You can do this with experienced shoots because they look before they go and pull there arrows. The targets are also set so if there is a miss the arrow just goes into a pasture.


----------



## lc12 (Jul 30, 2009)

You definitely want to be able to contain your shot arrows on YOUR property!
Stray arrows leaving your property is not a good idea no matter what the terrain is.
Nothing angers a farmer, developer, homeowner, whom ever, than to find an arrow stuck in their tractor, truck, lawnmower tires, etc.
Plus you have no control as to whom may be on the other property without your knowledge.
Back stops or shooting DOWN into a ravine is a good idea. Uphill shots without a backstop of any kind is not so good of an idea.


----------



## wa-prez (Sep 9, 2006)

wa-prez said:


> Archery Manufacturers and Merchants Organization (AMO), and NFAA publish Range Setup guidelines, document available on their web sites. They mention a rule of thumb of about 1 acre per target, with somewhat closer spacing acheivable with backstops and walk-back layouts, and usually MORE needed for 3-D, to enable changing the target and stake positions.
> 
> IF your range will be just for personal use, or just you and a couple friends, you can crowd a little because you don't need to be concerned about other groups on the course.
> 
> Please DON'T depend on "land backs up to additional fields and woods so glance offs or misses are not a problem" as you don't EVER want to have your arrows landing on someone else's property.
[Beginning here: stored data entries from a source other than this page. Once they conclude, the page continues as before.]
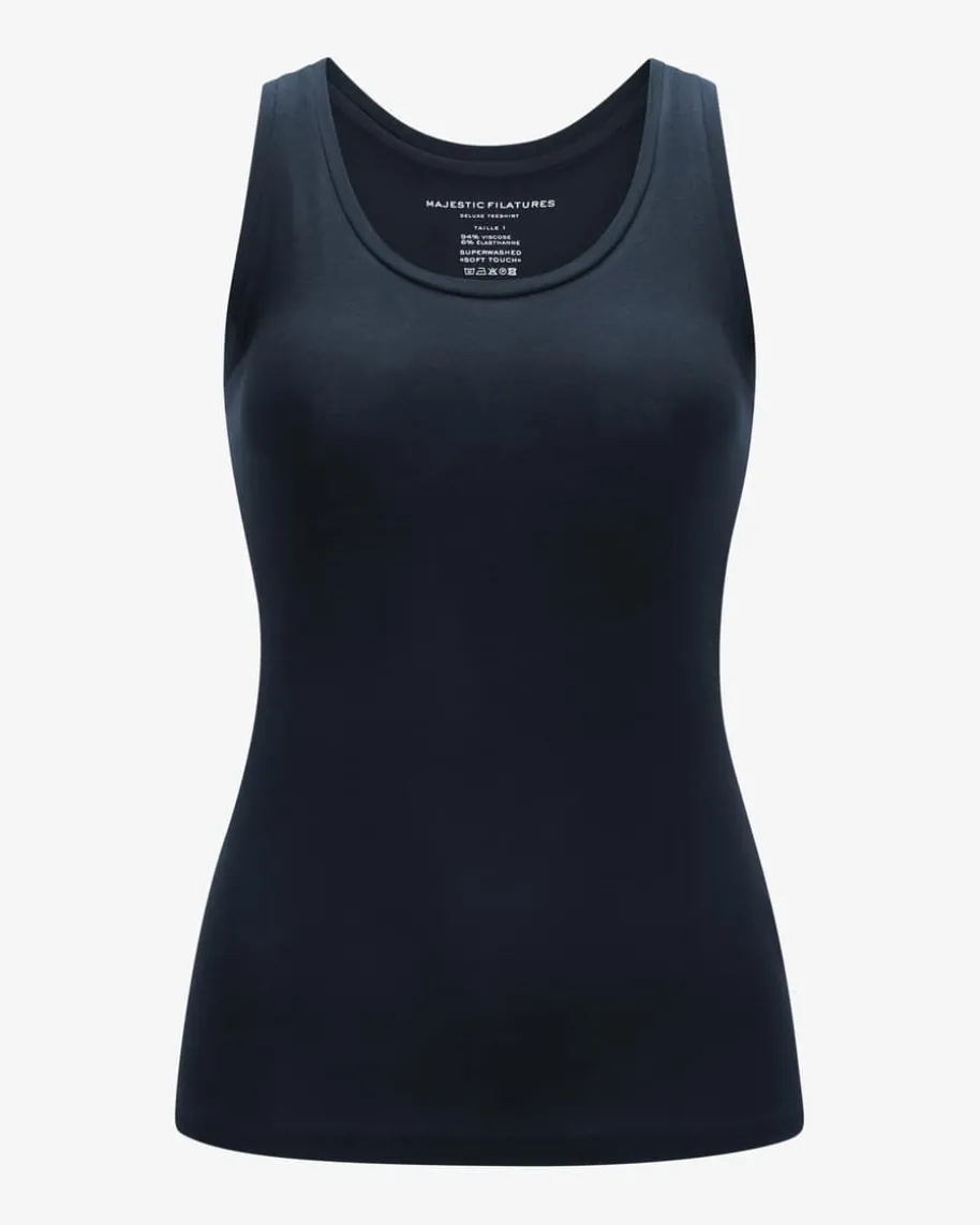 Top für Damen von Majestic Filatures in Nachtblau. Ein perfektes Basic – Dasschlichte Modell überzeugt dank dem elastischen Material-Mix und der weichenSoft-Touch-Qualität mit hohem Tragekomfort.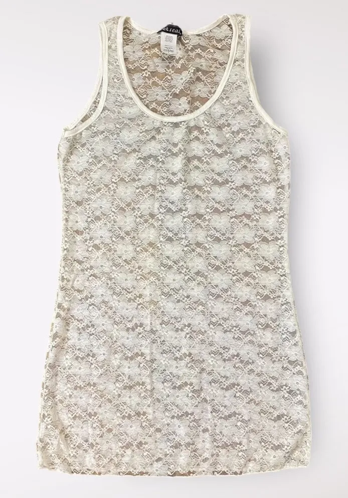 -Wet Seal Y2K White Lace Sheer Mini Dress Size Large Coquette Floral -Preowned in great condition -M... Show more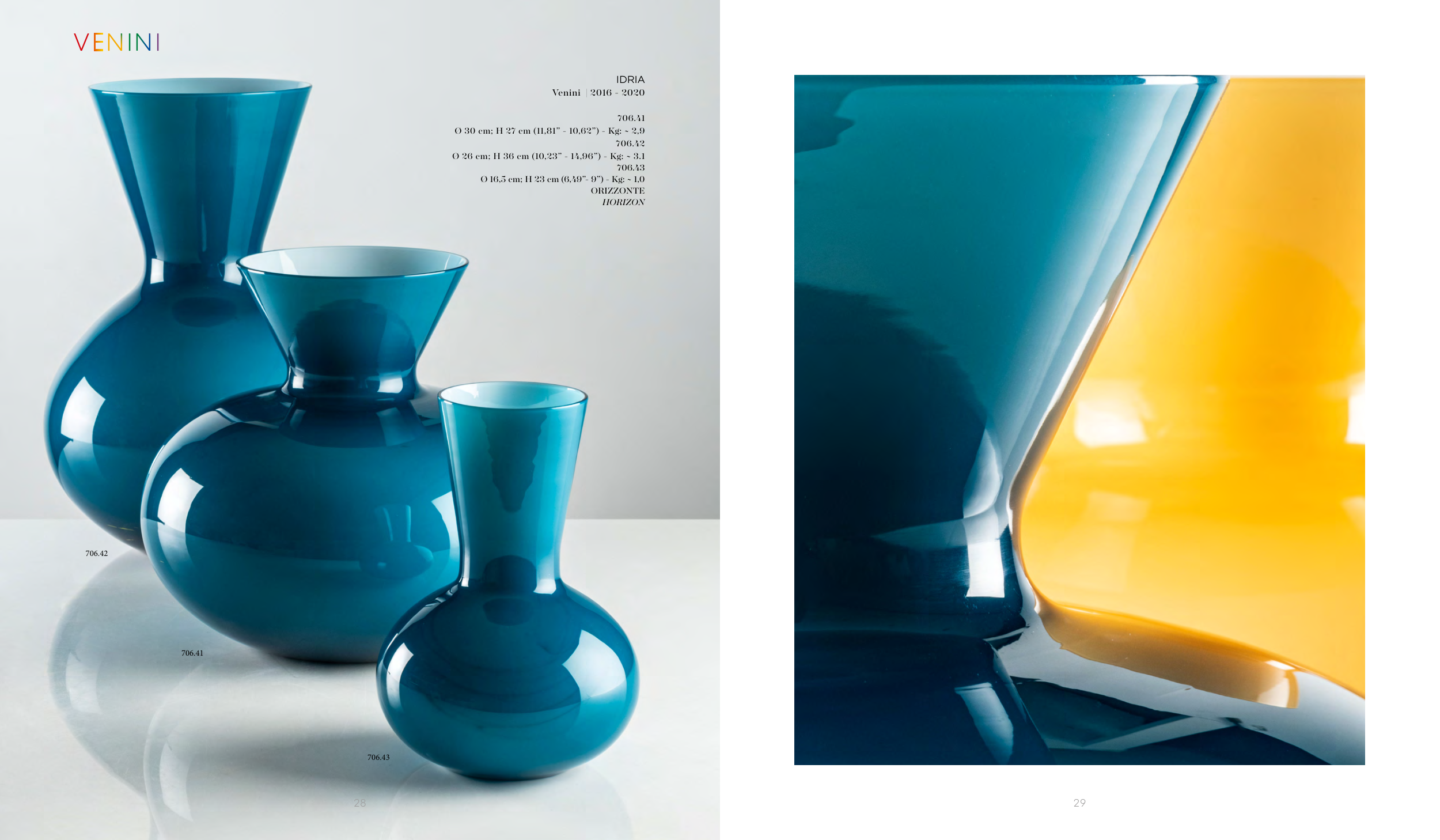 29 A r t G L A s s | i C o n e IDRIA Venini | 2016 - 2020 706.41 Ø 30 cm; H 27 cm (11,81” - 10,62”) - Kg: ~ 2,9 706.42 Ø 26 cm; H 36 cm (10,23” - 14,96”) - Kg: ~ 3.1 706.43 Ø 16,5 cm; H 23 cm (6,49”- 9”) - Kg: ~ 1,0 ORIZZONTE HORIZON 28 706.42 706.41 706.43

Actually, I had forgoten that the organization had changed it's name to the Archery Trade Association (ATA). Here is a link to the page on their site with the Rage Guidelines publication.

http://www.archerytrade.org/images/documents/amorangeguidelines.pdf


----------



## 3Dblackncamo (Jul 22, 2009)

sagecreek said:


> Sounds exciting. I remember when I first started my range.


SC, you need to shoot haags range in the winter and go back when everything greens up, very nice range just wish he would put out a few more targets, I need to shoot your range SC and I will sooner or later


----------